- **Data under study**:

━━━━━━━━

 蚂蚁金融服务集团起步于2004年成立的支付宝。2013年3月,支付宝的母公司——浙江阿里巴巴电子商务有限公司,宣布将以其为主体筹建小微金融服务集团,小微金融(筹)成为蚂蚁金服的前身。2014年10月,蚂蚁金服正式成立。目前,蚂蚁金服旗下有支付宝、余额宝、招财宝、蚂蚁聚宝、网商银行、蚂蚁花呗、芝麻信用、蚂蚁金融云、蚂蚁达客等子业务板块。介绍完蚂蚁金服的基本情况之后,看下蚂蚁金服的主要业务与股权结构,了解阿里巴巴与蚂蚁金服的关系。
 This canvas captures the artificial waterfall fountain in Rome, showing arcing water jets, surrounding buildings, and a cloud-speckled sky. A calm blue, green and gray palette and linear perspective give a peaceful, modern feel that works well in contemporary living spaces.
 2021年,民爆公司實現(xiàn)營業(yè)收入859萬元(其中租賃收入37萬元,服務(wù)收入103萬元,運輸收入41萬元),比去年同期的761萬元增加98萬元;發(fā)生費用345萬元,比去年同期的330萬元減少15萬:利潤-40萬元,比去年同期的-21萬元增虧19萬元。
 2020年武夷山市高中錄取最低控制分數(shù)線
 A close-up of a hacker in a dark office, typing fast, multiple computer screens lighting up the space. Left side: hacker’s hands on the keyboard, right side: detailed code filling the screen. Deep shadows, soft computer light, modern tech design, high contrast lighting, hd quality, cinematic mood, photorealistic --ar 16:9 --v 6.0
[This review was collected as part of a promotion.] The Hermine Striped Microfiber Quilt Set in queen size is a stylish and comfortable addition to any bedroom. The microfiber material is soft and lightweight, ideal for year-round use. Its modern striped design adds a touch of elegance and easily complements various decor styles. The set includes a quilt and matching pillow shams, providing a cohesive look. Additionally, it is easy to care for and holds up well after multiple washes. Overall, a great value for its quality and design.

━━━━━━━━

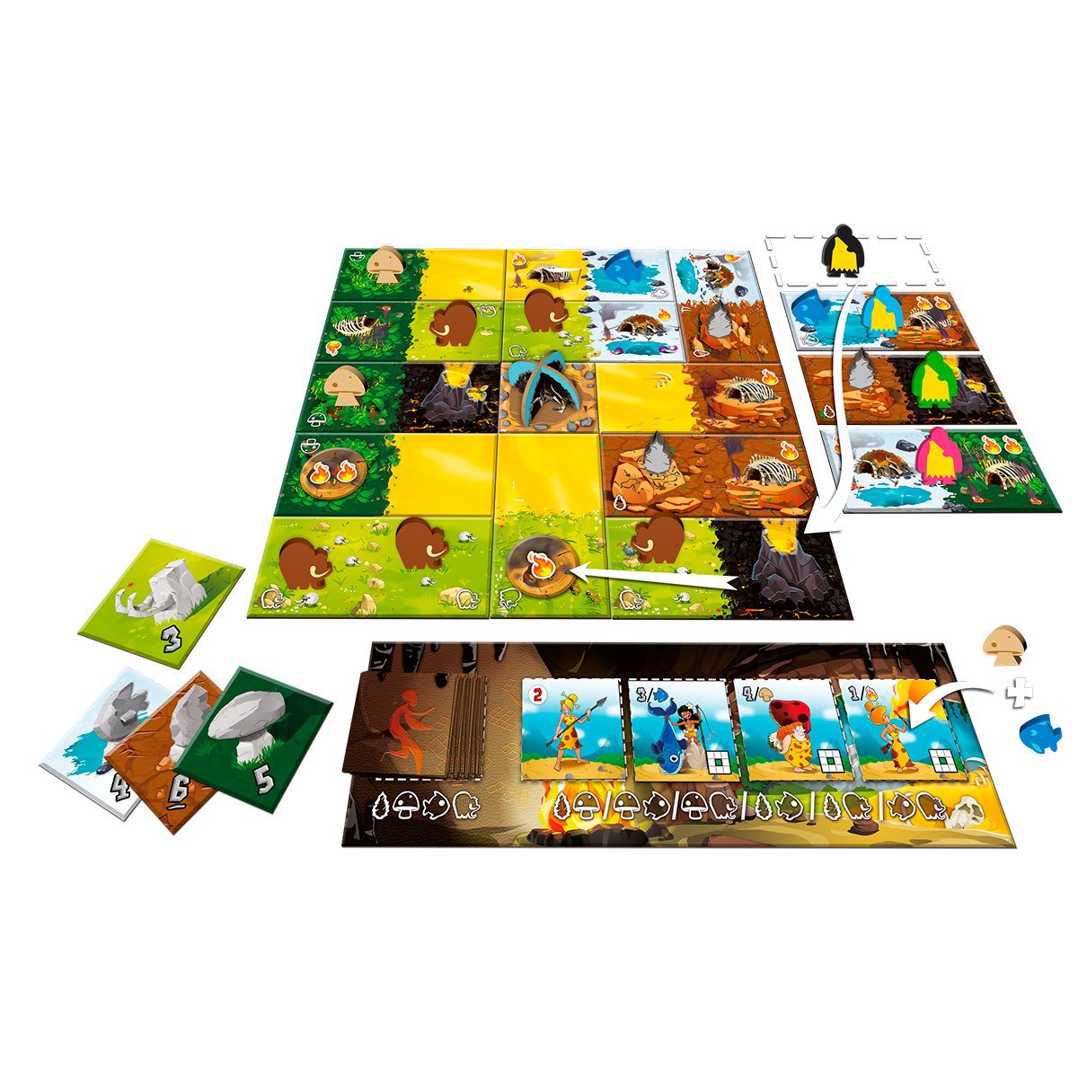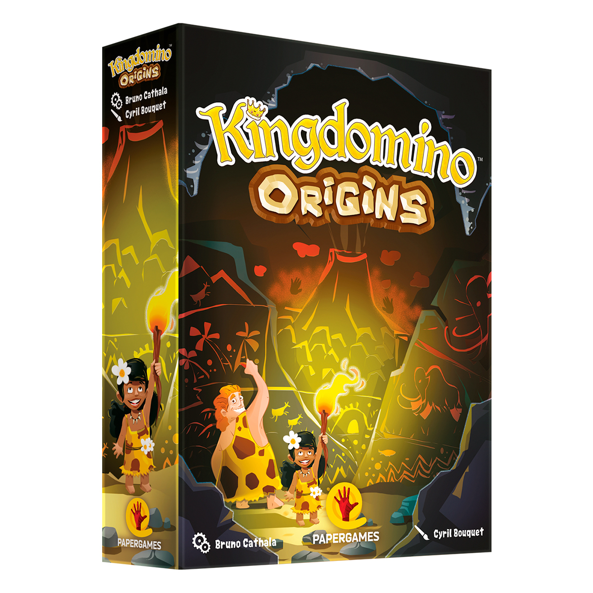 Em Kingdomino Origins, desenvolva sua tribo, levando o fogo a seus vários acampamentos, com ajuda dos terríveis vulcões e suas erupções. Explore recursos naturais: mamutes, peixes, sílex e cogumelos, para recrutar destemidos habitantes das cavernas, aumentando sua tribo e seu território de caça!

━━━━━━━━

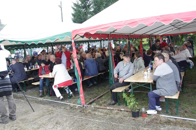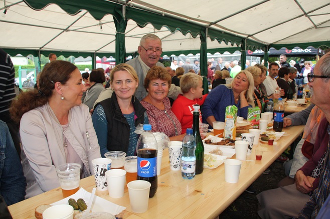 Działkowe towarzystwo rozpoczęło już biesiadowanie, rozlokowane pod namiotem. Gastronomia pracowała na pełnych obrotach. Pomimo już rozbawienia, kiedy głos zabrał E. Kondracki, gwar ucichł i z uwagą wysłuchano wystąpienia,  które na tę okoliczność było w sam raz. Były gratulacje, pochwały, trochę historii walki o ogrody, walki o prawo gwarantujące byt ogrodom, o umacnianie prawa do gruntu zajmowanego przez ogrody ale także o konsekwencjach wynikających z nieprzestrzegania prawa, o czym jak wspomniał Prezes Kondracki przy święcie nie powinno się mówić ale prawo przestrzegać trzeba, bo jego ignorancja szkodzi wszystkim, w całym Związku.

━━━━━━━━

- **What you will do**:
From the data above, copy each line where the string "modern" appears.

- **Task response**:
 This canvas captures the artificial waterfall fountain in Rome, showing arcing water jets, surrounding buildings, and a cloud-speckled sky. A calm blue, green and gray palette and linear perspective give a peaceful, modern feel that works well in contemporary living spaces.
 A close-up of a hacker in a dark office, typing fast, multiple computer screens lighting up the space. Left side: hacker’s hands on the keyboard, right side: detailed code filling the screen. Deep shadows, soft computer light, modern tech design, high contrast lighting, hd quality, cinematic mood, photorealistic --ar 16:9 --v 6.0
[This review was collected as part of a promotion.] The Hermine Striped Microfiber Quilt Set in queen size is a stylish and comfortable addition to any bedroom. The microfiber material is soft and lightweight, ideal for year-round use. Its modern striped design adds a touch of elegance and easily complements various decor styles. The set includes a quilt and matching pillow shams, providing a cohesive look. Additionally, it is easy to care for and holds up well after multiple washes. Overall, a great value for its quality and design.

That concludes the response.